Many of the deals that closed in May were in contract before the coronavirus pandemic struck in New York, or came together quickly before the lockdown and avoided the disruptions in the real estate industry brought on by sheltering-in-place rules.

The full-floor apartment, at 4 East 66th Street (a.k.a. 845 Fifth Avenue) was bought by the financier and philanthropist J. Christopher Flowers and his wife, Anne W. Flowers, for $43 million, marking the city’s most expensive sale in the month of May. (The record price for a co-op was set in 2015, with the $77.5 million sale of a duplex at nearby 834 Fifth.)

At the ultra-pricey 220 Central Park South, two sponsor units were acquired by a single anonymous buyer for a total of $28.6 million, though both sales had been in contract long before the pandemic surfaced.

There were a few luxury townhouse purchases as well, including a newly constructed manse in the Lenox Hill neighborhood and an Upper West Side brownstone bought by the “Hamilton” choreographer Andy Blankenbuehler and his wife, Elly Blankenbuehler, a physician assistant.

Also last month, Alexandre de Betak, a fashion-show and events producer, sold his co-op loft in SoHo to Dick Costolo, the former chief executive of Twitter, and his wife, Lorin Costolo.

Credit…Andrea Mohin/The New York Times

The Flowerses’ co-op, on the eighth floor, was purchased from a trust set up for Ezra K. Zilkha, an Iraqi-born financier and investor who died last fall. It was an off-market deal, so few details about the residence are available. Most of the units in the limestone building on Fifth Avenue and 66th Street are around 7,500 square feet and occupy full floors. They have high ceilings, grand galleries and direct Central Park views.
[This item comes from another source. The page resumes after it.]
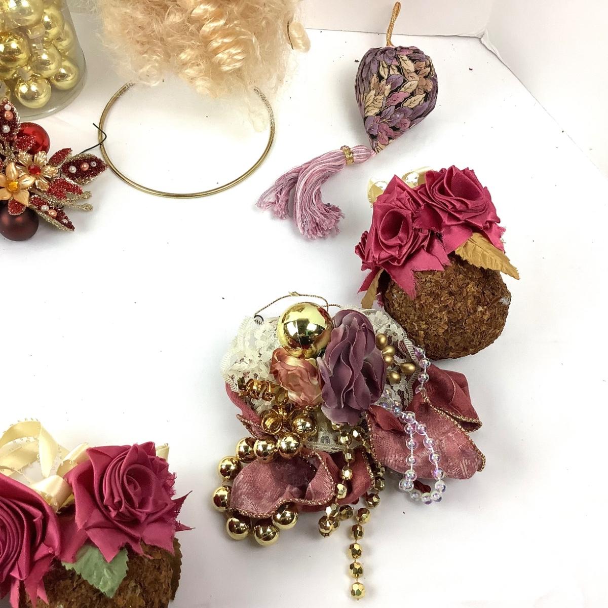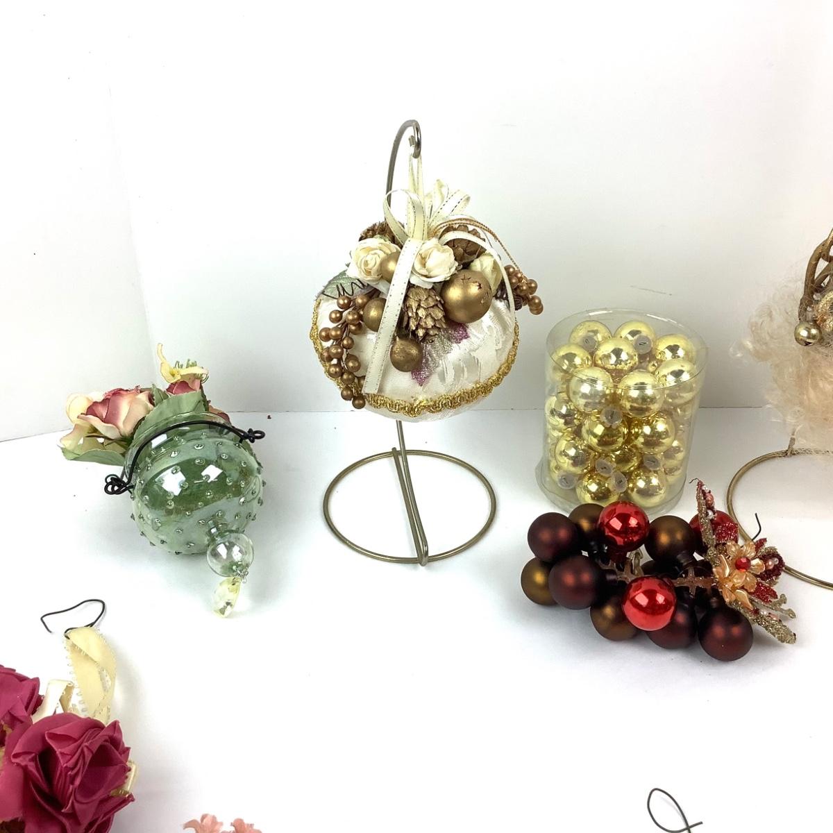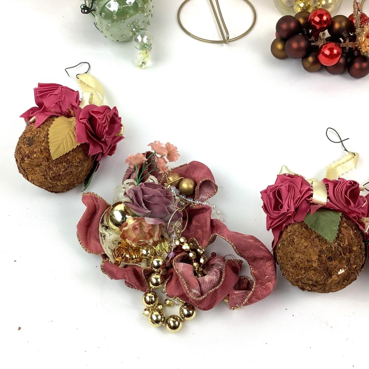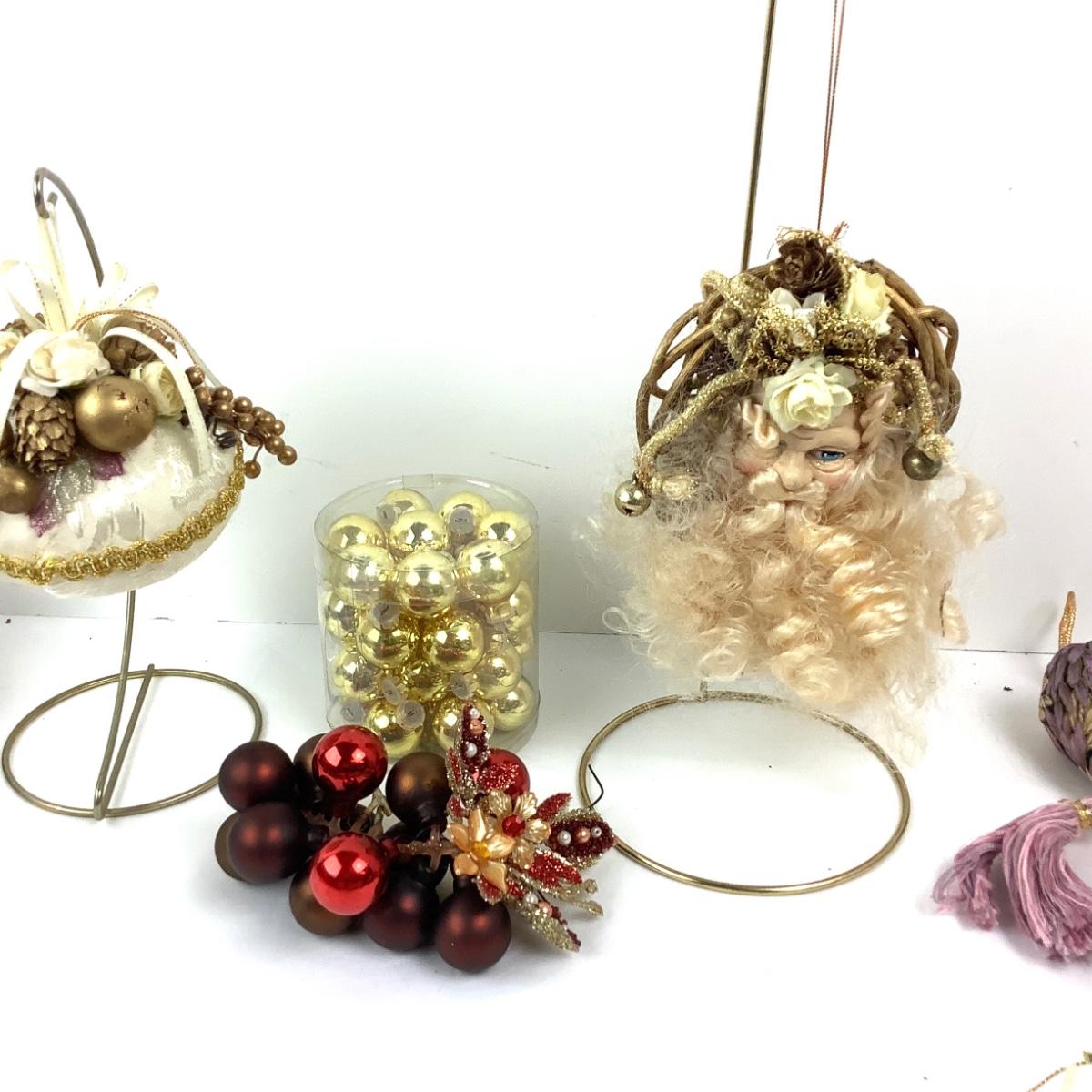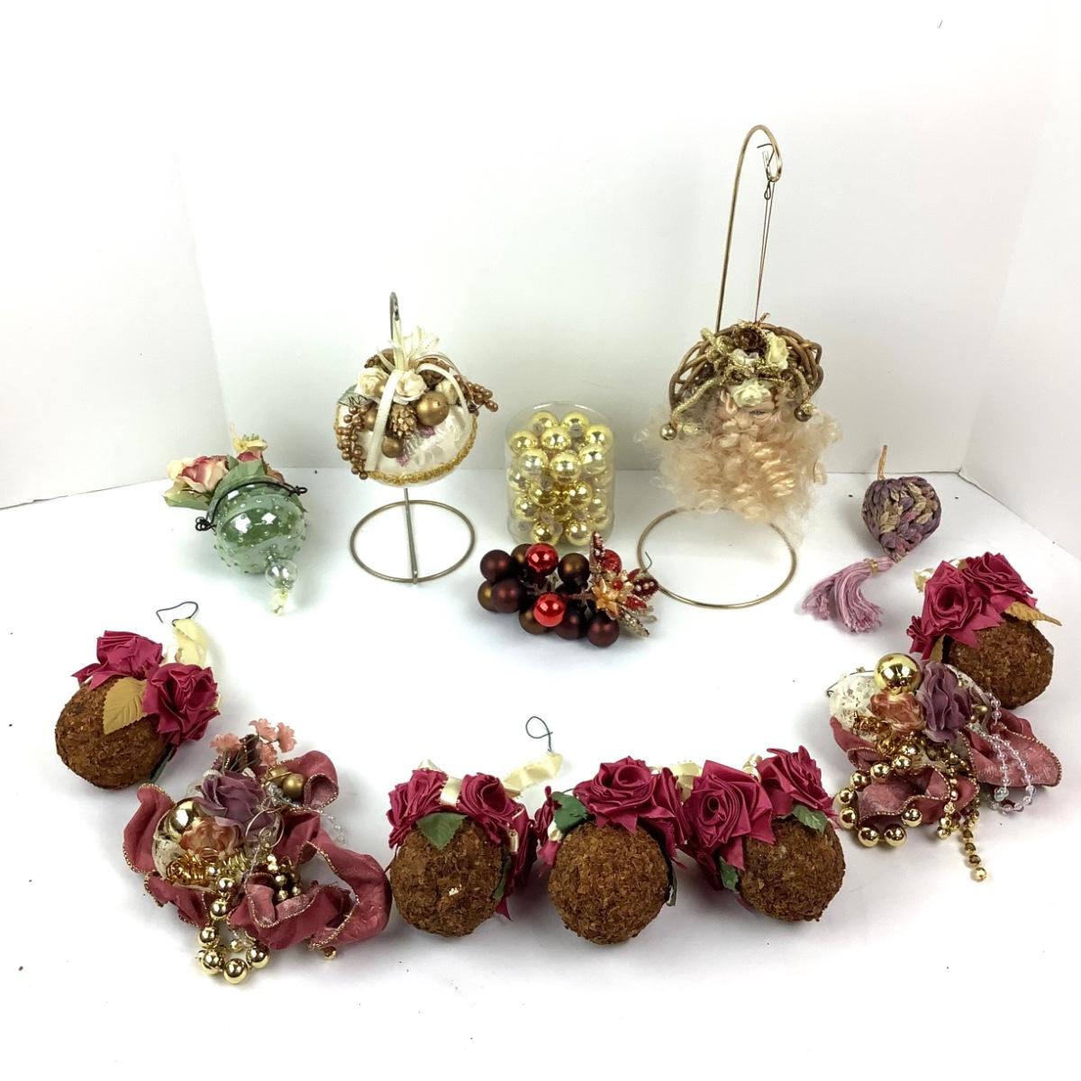 Ornaments are assorted, several potpourri, santa, miniature gold accent balls and more.

Mr. Flowers, a former partner at Goldman Sachs who runs his own private equity firm, has been an active player in Manhattan’s high-end market. In 2006, he paid $53 million for the Harkness mansion on East 75th Street, which at the time was a residential townhouse record. (He ended up selling the building five years later to the art dealer Larry Gagosian for $36.5 million.)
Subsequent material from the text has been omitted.